Question

In 2008, there were 507 children in Arizona out of 32,601 who were diagnosed with Autism Spectrum Disorder (ASD) ("Autism and developmental," 2008). Nationally 1 in 88 children are diagnosed with ASD ("CDC features -," 2013). Is there sufficient data to show that the incident of ASD is more in Arizona than nationally? Test at the 1% level.

Answer 1

Answer:

$z=\frac{0.0156-0.0114}{\sqrt{0.01554(1-0.01554)(\frac{1}{32601}+\frac{1}{88})}}=0.318$    

$p_v =P(Z>0.318)=0.375$  

So the p value is a very high value and using the significance level provided $\alpha=0.01$ we see that $p_v>\alpha$ so we can conclude that we have enough evidence to FAIL to reject the null hypothesis, and we can say the the proportion of children diagnosed with Autism Spectrum Disorder (ASD) in arizona is not significantly higher than the national incident rate at 1% of significance.

Step-by-step explanation:

Data given and notation  

$X_{1}=507$ represent the number of children diagnosed with Autism Spectrum Disorder (ASD) in Arizona

$n_{1}=32601$ sample elected from arizona

$\hat p_{1}=\frac{507}{32601} =0.0156$ represent the proportion of children diagnosed with Autism Spectrum Disorder (ASD) in arizona

$p_{2}=\frac{1}{88}= 0.0114$ represent the proportion of children diagnosed with Autism Spectrum Disorder (ASD)  in the nation

z would represent the statistic (variable of interest)  

$p_v$ represent the value for the test (variable of interest)  

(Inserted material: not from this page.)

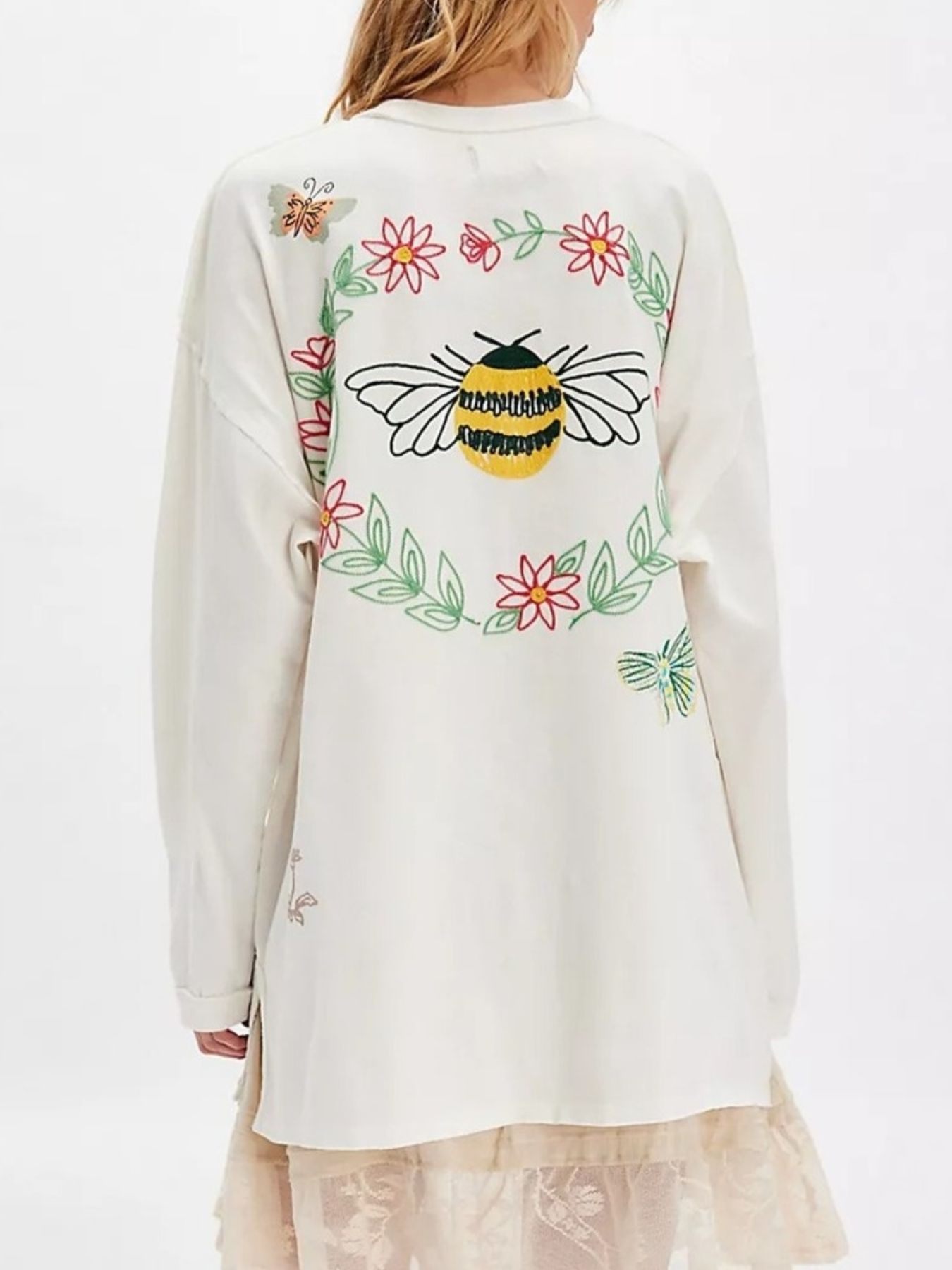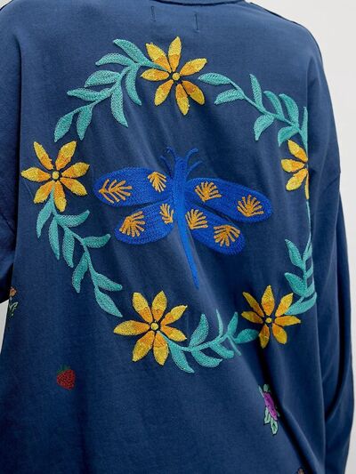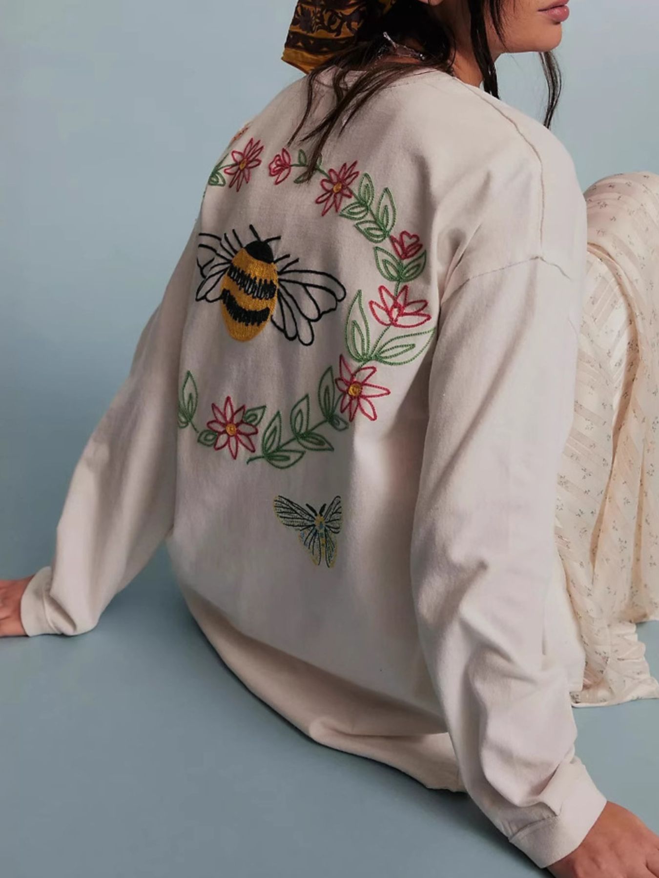 Embroidered Crew Neck Long Sleeve Sweatshirt

Concepts and formulas to use  

We need to conduct a hypothesis in order to check if that the incident of ASD is more in Arizona than nationally, the system of hypothesis are:

Null hypothesis:$p_{1} \leq p_{2}$  

Alternative hypothesis:$p_{1} > p_{2}$  

We need to apply a z test to compare proportions, and the statistic is given by:  

$z=\frac{p_{1}-p_{2}}{\sqrt{\hat p (1-\hat p)(\frac{1}{n_{1}}+\frac{1}{n_{2}})}}$   (1)  

Where $\hat p=\frac{X_{1}+X_{2}}{n_{1}+n_{2}}=\frac{507+1}{32601 +88}=0.01554$  

Calculate the statistic  

Replacing in formula (1) the values obtained we got this:  

$z=\frac{0.0156-0.0114}{\sqrt{0.01554(1-0.01554)(\frac{1}{32601}+\frac{1}{88})}}=0.318$    

Statistical decision

The significance level provided is $\alpha=0.01$, and we can calculate the p value for this test.    

Since is a one right sided test the p value would be:  

$p_v =P(Z>0.318)=0.375$  

So the p value is a very high value and using the significance level provided $\alpha=0.01$ we see that $p_v>\alpha$ so we can conclude that we have enough evidence to FAIL to reject the null hypothesis, and we can say the the proportion of children diagnosed with Autism Spectrum Disorder (ASD) in arizona is not significantly higher than the national incident rate at 1% of significance.